An ionic crystal is a type of solid crystalline structure where ions (positively charged cations and negatively charged anions) are held together by electrostatic forces, known as ionic bonds. In these structures, cations and anions arrange themselves in a repeating pattern to form a three-dimensional lattice. Common examples of ionic crystals include table salt (sodium chloride; NaCl), calcium fluoride (CaF2), and potassium chloride (KCl).

Ionic crystals exhibit several important properties: 1. They are typically hard and brittle due to the strong electrostatic forces between the ions, which make it difficult for them to be deformed. 2. Ionic crystals have high melting and boiling points because a significant amount of energy is required to break the strong ionic bonds. 3. They are electrical insulators when solid, but can conduct electricity when dissolved in water or melted because the ions become free to move and carry charge. 4. Many ionic crystals are soluble in water, due to the strong interactions between the ions in the crystal and water molecules.

There are several factors that can cause variations in the shape of ionic crystals formed by different compounds: 1. Size of the ions: The size of the cations and anions in an ionic compound can have a significant impact on the shape of the crystal.
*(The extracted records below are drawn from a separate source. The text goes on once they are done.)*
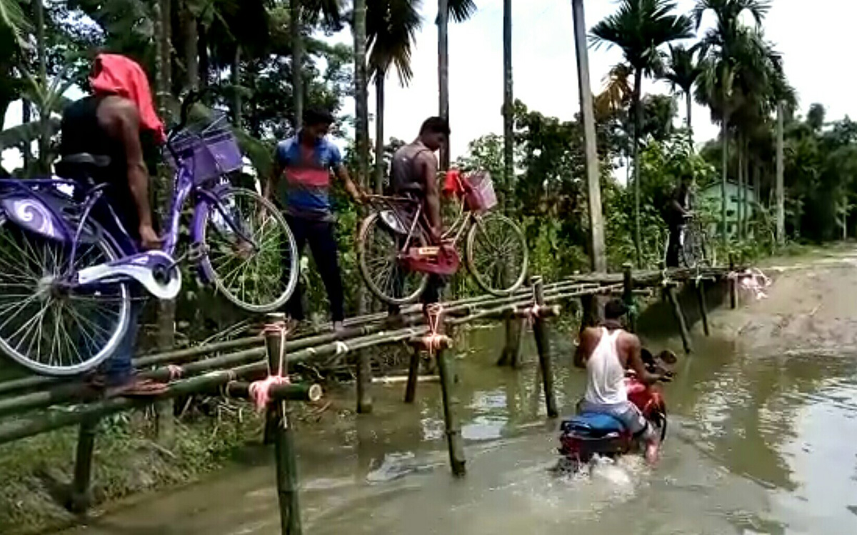 সোণতলী, ৭ জুলাইঃ দক্ষিণ কামৰূপৰ সোণতলীত বিধ্বস্ত যাতায়ত ব্যৱস্থা। জনপ্ৰতিনিধি নাইবা বিভাগীয় কৰ্তৃপক্ষৰ চূড়ান্ত গাফিলতিত ৰাইজে গাঁঠিৰ ধন খৰচ কৰি যাতায়ত সুবিধাৰ্থে নিৰ্মান কৰিলে বাঁহৰ সাঁকো। নগৰবেৰাৰ পৰা সোণতলী হৈ গুৱাহাটী লৈ যোৱা একমাত্ৰ পথটো নিৰ্মানৰ ছয়মাহ পিছতেই ভাঙি যায়৷ পথটোৰ গাতত পৰি বহু ছাত্ৰ-ছাত্ৰী, ৰোগী তথা সৰ্বসাধাৰণ দুৰ্ঘটনাগ্ৰস্থ হৈছে৷ সামান্য বৰষুণতে পথটোত কৃত্ৰিম বানপানীৰ সৃষ্টি হয়। স্থানীয় ৰাইজে ঠিকাদাৰৰ লগতে গড়কাপ্তানি বিভাগক পথটো মেৰামতি কৰাৰ বাবে বাৰম্বাৰ অনুৰোধ কৰে  যদিও বিভাগীয় কৰ্তৃপক্ষৰ দ্বায়িত্বহীনতাত উপায়ন্তৰ ৰাইজে নিৰ্মান কৰিলে এখন বাঁহৰ সাঁকো৷ সোণতলীৰ পৰা নগৰবেৰালৈ যোৱাৰ একমাত্ৰ পথটোৰ ভখুৰাদিয়াত বানৰ সোতে সাঁকোখন খহাই নিয়ে৷ ফলত গাওঁ খনৰ ৰাইজে পুনৰ গাঁঠিৰ ধন খৰচ কৰি বাঁহৰ সাঁকো নিৰ্মান কৰে৷ বিভাগটোৰ লগতে ঠিকাদাৰক এই পকী পথটো মেৰামতি কাৰণে স্হানীয় ৰাইজে বহুবাৰ অৱগত কৰে যদিও কোনো সু-ফল লাভ কৰা নাই। প্ৰধানমন্ত্ৰী গ্ৰাম চড়ক যোজনাৰ অধীনত নিৰ্মাণ কৰা বৃহত্তৰ সোণতলী প্ৰায়বোৰ পথ ভাঙি বিধ্বস্ত হৈ পৰিছে। চৰকাৰ তথা বিভাগীয় কৰ্তৃপক্ষৰ এনে গাফিলতিৰ সময়ত সোণতলীবাসীৰ এই প্ৰচেষ্টা সকলোৰে কাৰণে আদৰ্শ হওঁক।
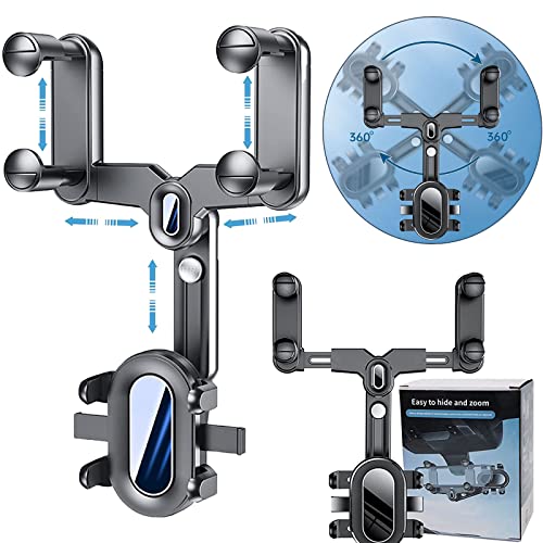 Bibykivn - Mobile Phone Holder Car Rear View Mirror, 360° Rotatable and Retractable Mobile Phone Holder, Universal Rear-View Mirror Mobile Phone Holder, for GPS Holder, 4-7 Inch Mobile P
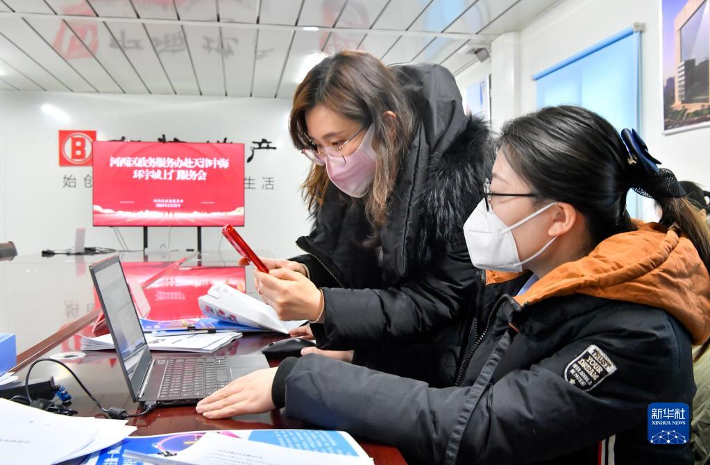2月22日,在天津市河西区中海环宇城临时办公点,天津市河西区政务服务办公室工作人员为服务业商户办理营业执照审批。

Larger ions tend to form more open structures, while smaller ions tend to form more tightly-packed structures. 2. Charge of the ions: The charge of the ions in a compound also influences the shape of the ionic crystal. Compounds with ions having higher charges generally have stronger electrostatic forces between the ions, leading to more tightly-bound structures. 3. Coordination number: This is the number of anions surrounding a cation (or vice versa) in an ionic crystal. Different coordination numbers can lead to different crystal shapes, as the ions organize themselves to maximize the electrostatic attraction between them while minimizing repulsion between like charges. 4. Lattice energy: This refers to the energy required to break the ionic bonds and separate the ions in a crystal. Compounds with different lattice energies can result in different crystal shapes due to variations in the strength of the electrostatic forces holding the ions together. In conclusion, the shape of an ionic crystal depends on various factors such as the size and charge of the ions, their coordination number, and the lattice energy. These factors lead to variations in the way the ions arrange themselves in a three-dimensional lattice, resulting in different crystal shapes for different ionic compounds.